Affordable and social housing debt relief


  • Details of Covid-19 impact relief measures for indebted ‘affordable housing lenders’ are expected to be published ‘before end of July’, according to a budget vote speech delivered on 21 July by Human Settlements, Water and Sanitation Minister Lindiwe Sisulu.
  • The details of ‘rental relief’ for ‘formal’ affordable housing tenants will be published ‘in the next 30 days’.


Estate agencies


  • In her 21 July budget vote speech, Human Settlements, Water and Sanitation Minister Lindiwe Sisulu Estate said:
    • estate agencies will be given a grace period for submitting their audited financial statements to the Estate Agencies Affairs Board, with no penalties imposed ‘until 31 October’, and that
    • ‘fees payable for mandatory training will be waved for the current financial year.’

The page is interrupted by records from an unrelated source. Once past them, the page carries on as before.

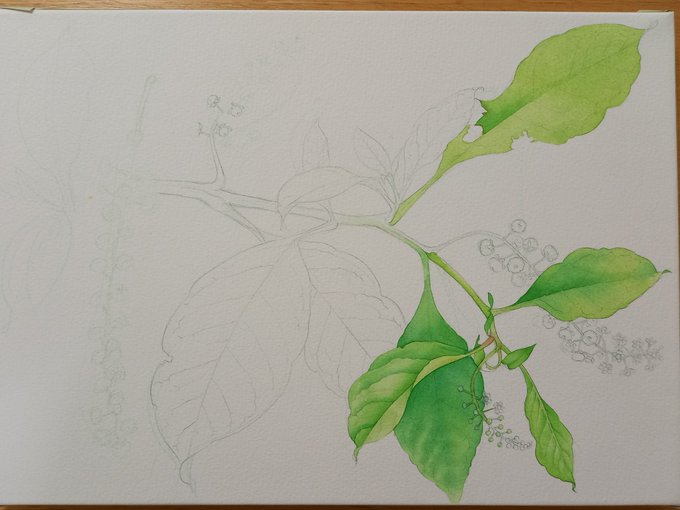 残念ながらタイムアウトです🤷 仕上げまで時間が足らず剥がします🤦 せっかくウォーターフォード貼ったのになぁ😢来年までもつかな😂 「ざんねんむねん ふかくのいたり しまったしまったくちおしや~」 #水彩画 #植物画 #イラストレーター #Illustrator #ヨウシュヤマゴボウ #どろぼうがっこう
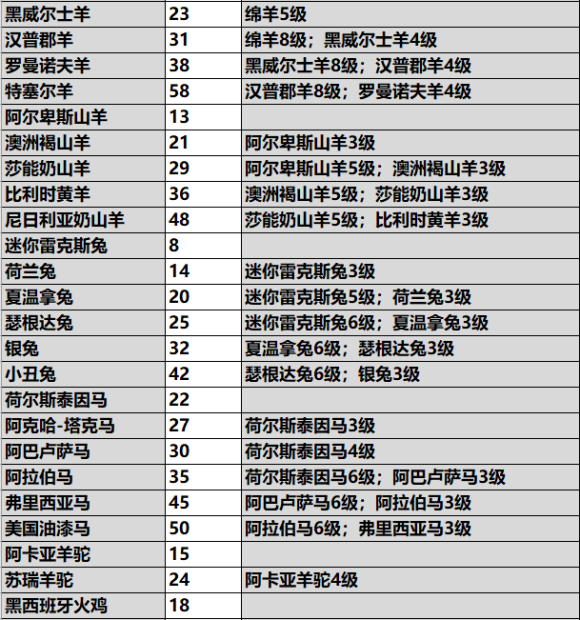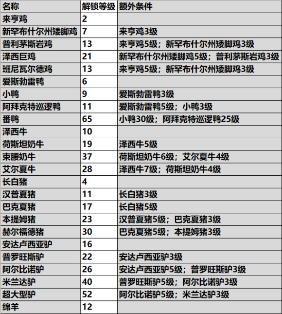 然后是动物的解锁条件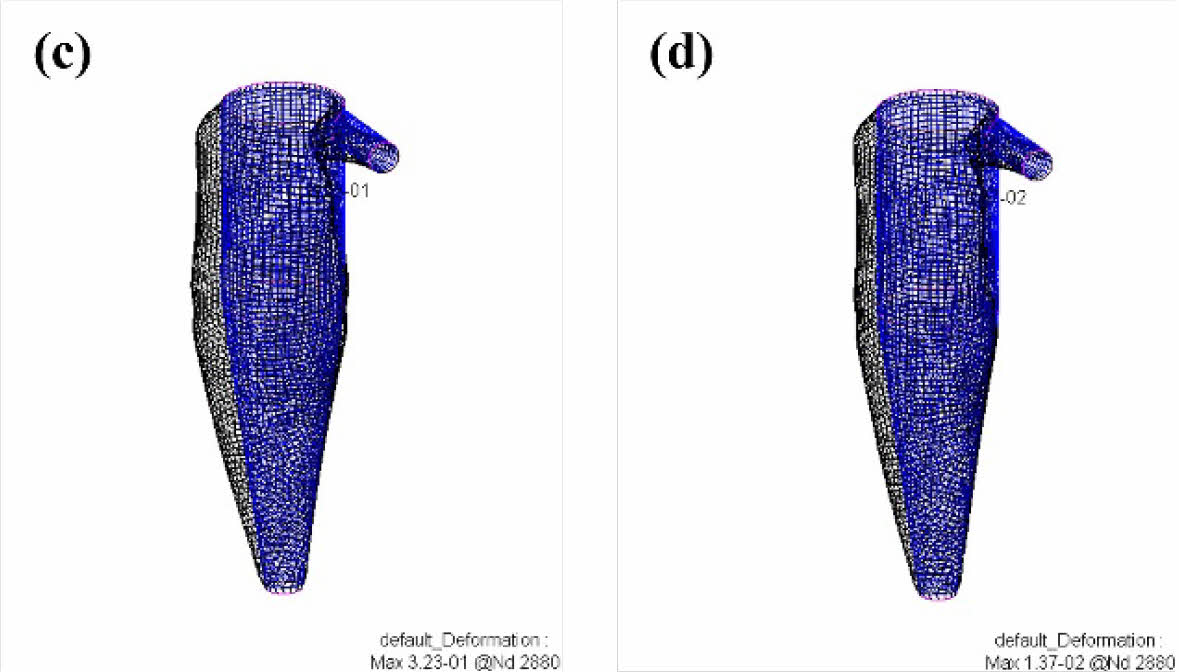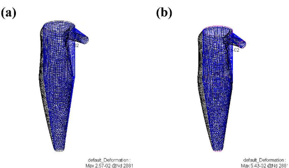 Fig. 18 Deformation result of cyclone. (a) ABS; (b) Aluminum |

  • Emergency power procurement documents will be ‘put to the market’ by ‘early August’ at the ‘latest’, according to the mineral resources and energy budget vote speech delivered on 21 July.
  • A discussion paper on nuclear facility decommissioning policy options was released on 20 July for public comment.




  • A draft policy directive gazetted on 21 July for public comment proposes the ‘procedures and processes’ to be followed when resolving disputes between electronic communications network service licensees and landowners affected by their infrastructure.


Unisa review


  • A 24 July media statement spelled out the reasons for a review of Unisa, which was announced on 22 July by Higher Education, Science and Innovation Minister Blade Nzimande in his budget vote speech. They include concerns about:
    • ‘the quality of offerings/programmes’
    • the de-accreditation of some programmes
    • ‘unacceptably high student failure rates’
    • senior management ‘instability’, and
    • a ‘mission drift’ towards ‘more full-time’ programmes.

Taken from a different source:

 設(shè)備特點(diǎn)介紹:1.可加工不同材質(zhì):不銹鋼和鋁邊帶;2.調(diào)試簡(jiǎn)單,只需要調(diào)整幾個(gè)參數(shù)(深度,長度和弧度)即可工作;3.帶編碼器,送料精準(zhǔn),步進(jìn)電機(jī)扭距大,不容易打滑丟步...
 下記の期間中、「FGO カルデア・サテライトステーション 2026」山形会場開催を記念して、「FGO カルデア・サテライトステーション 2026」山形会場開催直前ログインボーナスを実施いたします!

  • A draft Antarctic and Southern Ocean strategy was gazetted on 24 July for public comment.


Home Affairs


  • Draft amendments to the 2012 South African citizenship regulations were gazetted on 24 July for public comment, focusing on naturalisation certificates. Among other things they:
    • propose stricter criteria to be met by an applicant who is the child of an asylum seeker, refugee or foreigner refused permanent residence
    • reduce from 10 to five years the period of ‘ordinary residence’ in SA before applying for a certificate of naturalisation, and
    • require a successful applicant to sign an oath of allegiance before being issued with a certificate.